▶ _Task objective_: Make an exact copy of the data below, leaving out every picture.

-- Collected material follows --

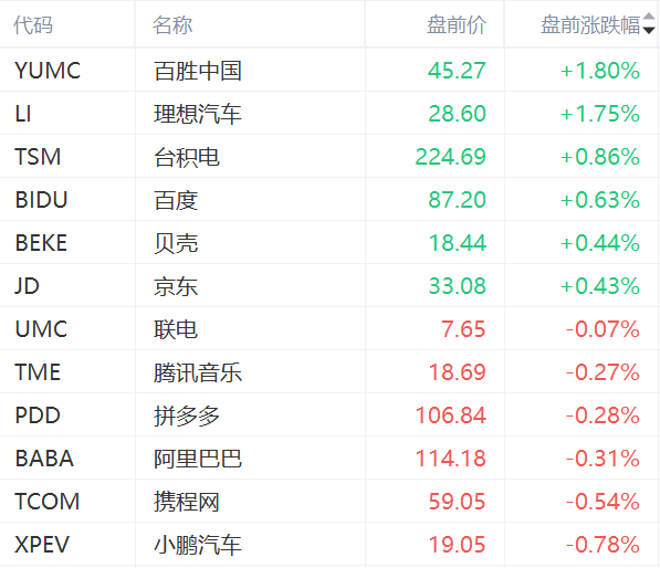 熱門中概股盤前漲跌不一,截至發稿 百勝中國 、 理想汽車 漲近2%, 小鵬汽車 跌超1%:
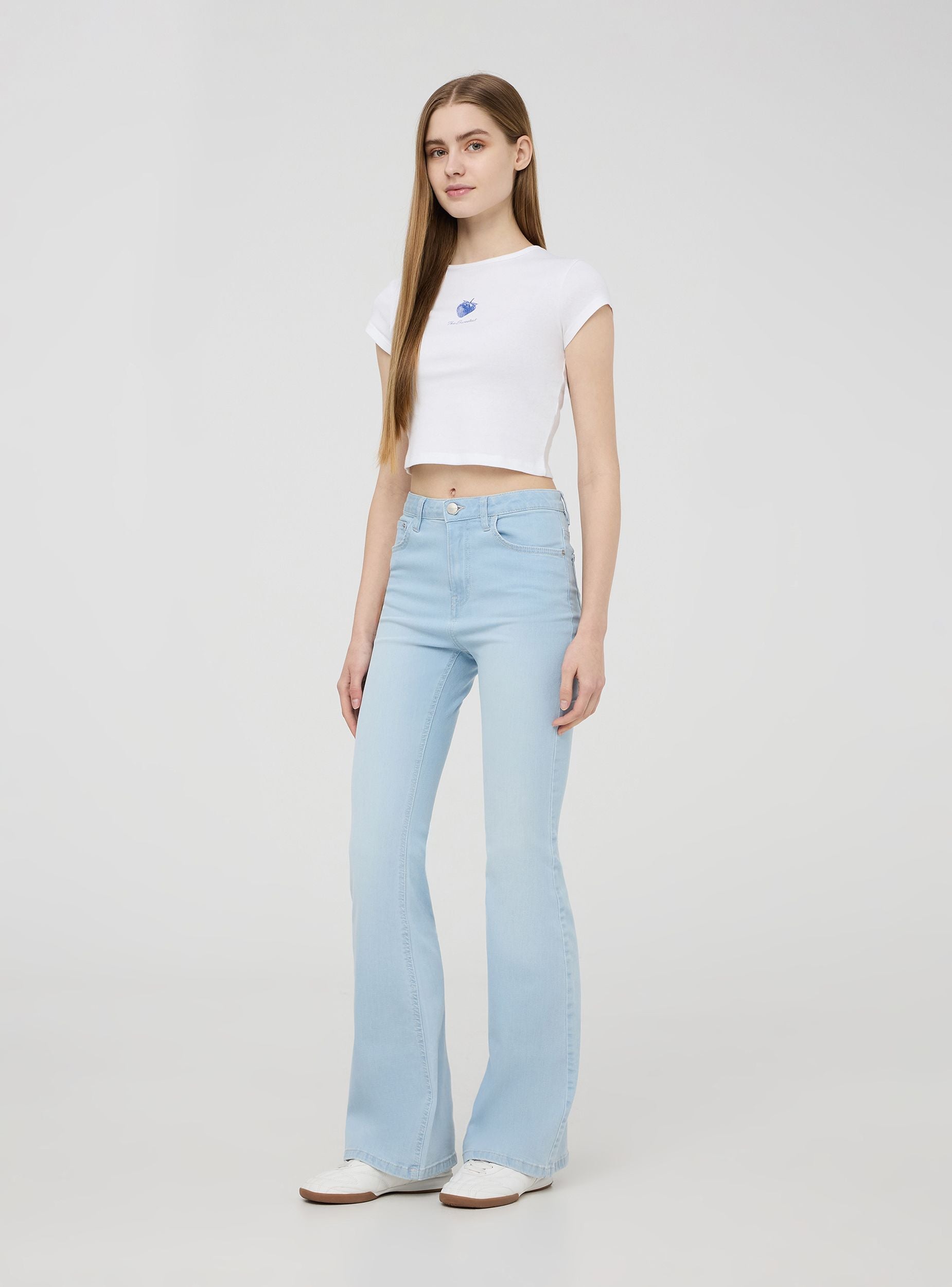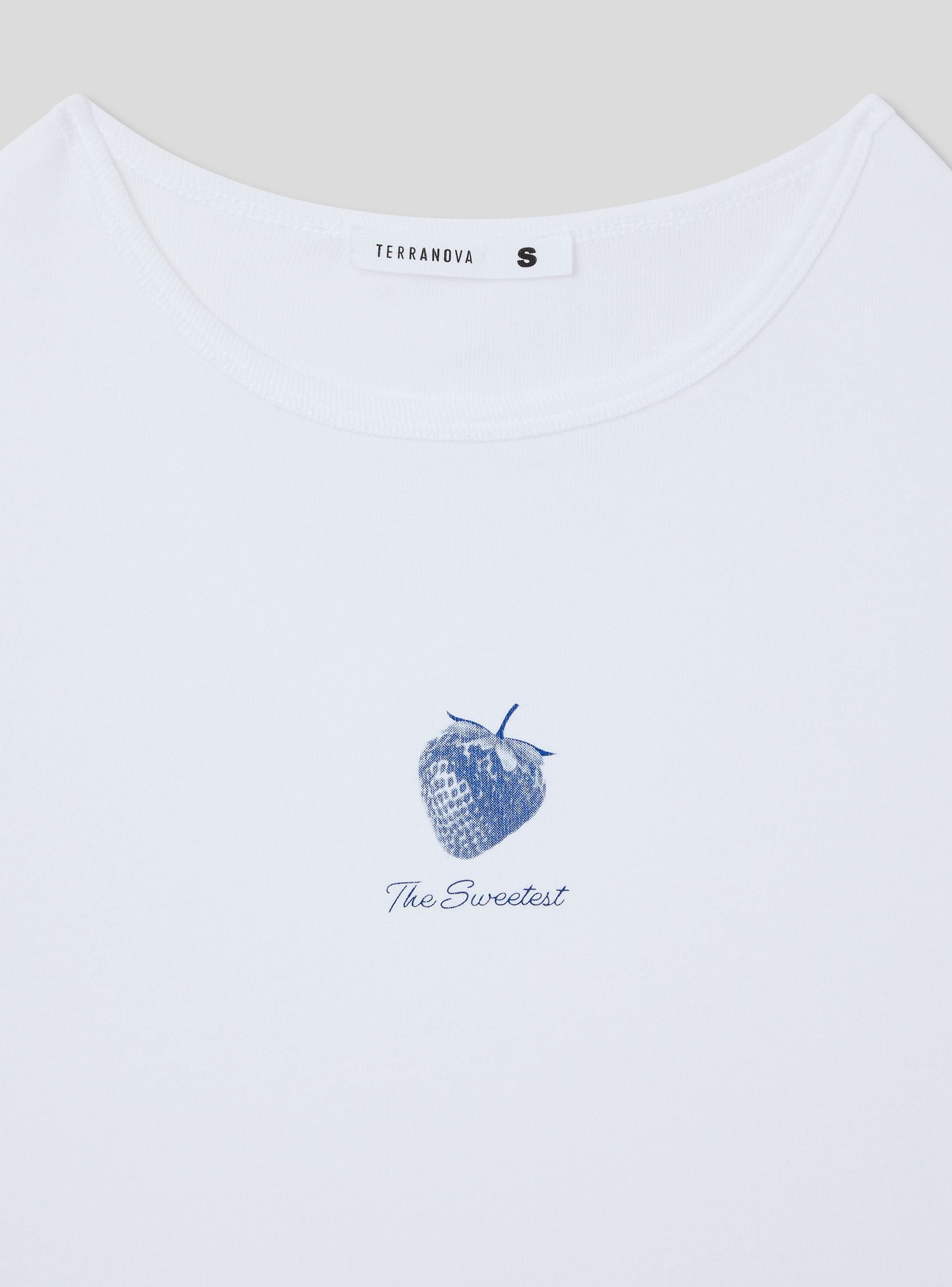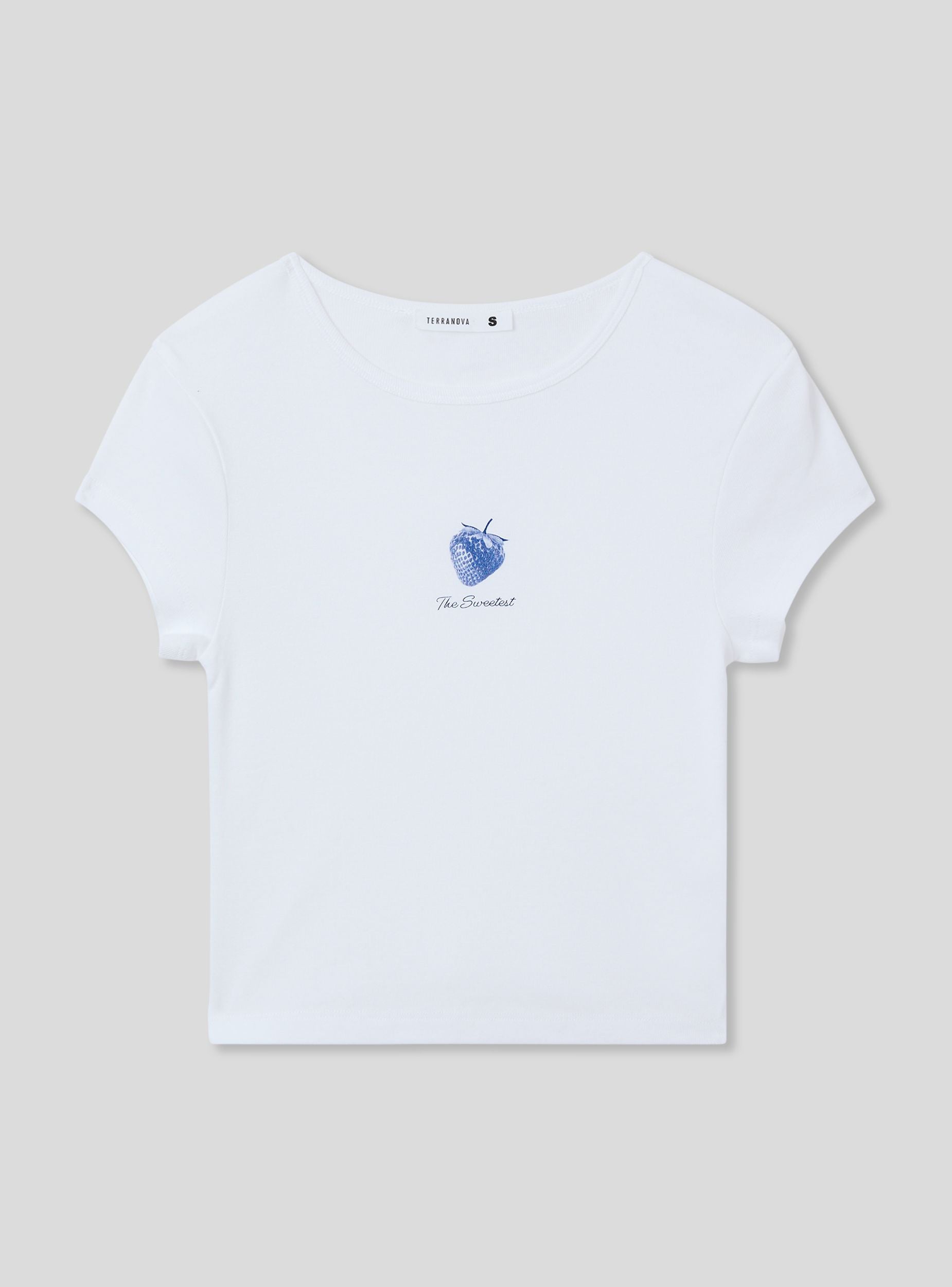 Maglietta da donna crop con girocollo e maniche corte, caratterizzata da una piccola stampa decorativa accompagnata da una scritta minimalista sul davanti. Il taglio corto aggiunge un tocco casual e moderno, perfetto per un look estivo disinvolto. Ideale per abbinamenti con pantaloni a vita alta o gonne per un outfit fresco e di tendenza.Dettagli
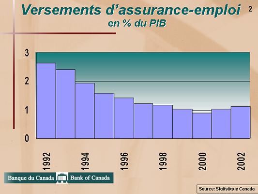 Premièrement, les prestations d'assurance-emploi ont été restructurées afin de renforcer l'incitation au travail. Par suite de ces changements, et de la meilleure tenue de l'économie, les versements d'assurance-emploi en proportion du PIB ont diminué considérablement depuis dix ans, passant de plus de 2 1/2 % à un peu plus de 1 %, comme vous pouvez le voir au Graphique 2.
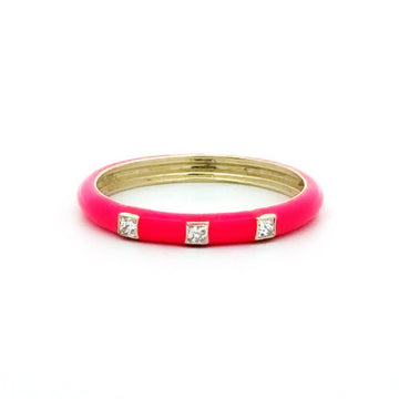 Add a POP of color and sparkle to your stack with a 14k gold enamel band in color Dahlia. Three diamonds have a .08 carat weight, F Color and Si Clarity. Band is 2.5mm wide.

-- Collected material concluded --

▶ _Exercise result_:
 熱門中概股盤前漲跌不一,截至發稿 百勝中國 、 理想汽車 漲近2%, 小鵬汽車 跌超1%:
 Maglietta da donna crop con girocollo e maniche corte, caratterizzata da una piccola stampa decorativa accompagnata da una scritta minimalista sul davanti. Il taglio corto aggiunge un tocco casual e moderno, perfetto per un look estivo disinvolto. Ideale per abbinamenti con pantaloni a vita alta o gonne per un outfit fresco e di tendenza.Dettagli
 Premièrement, les prestations d'assurance-emploi ont été restructurées afin de renforcer l'incitation au travail. Par suite de ces changements, et de la meilleure tenue de l'économie, les versements d'assurance-emploi en proportion du PIB ont diminué considérablement depuis dix ans, passant de plus de 2 1/2 % à un peu plus de 1 %, comme vous pouvez le voir au Graphique 2.
 Add a POP of color and sparkle to your stack with a 14k gold enamel band in color Dahlia. Three diamonds have a .08 carat weight, F Color and Si Clarity. Band is 2.5mm wide.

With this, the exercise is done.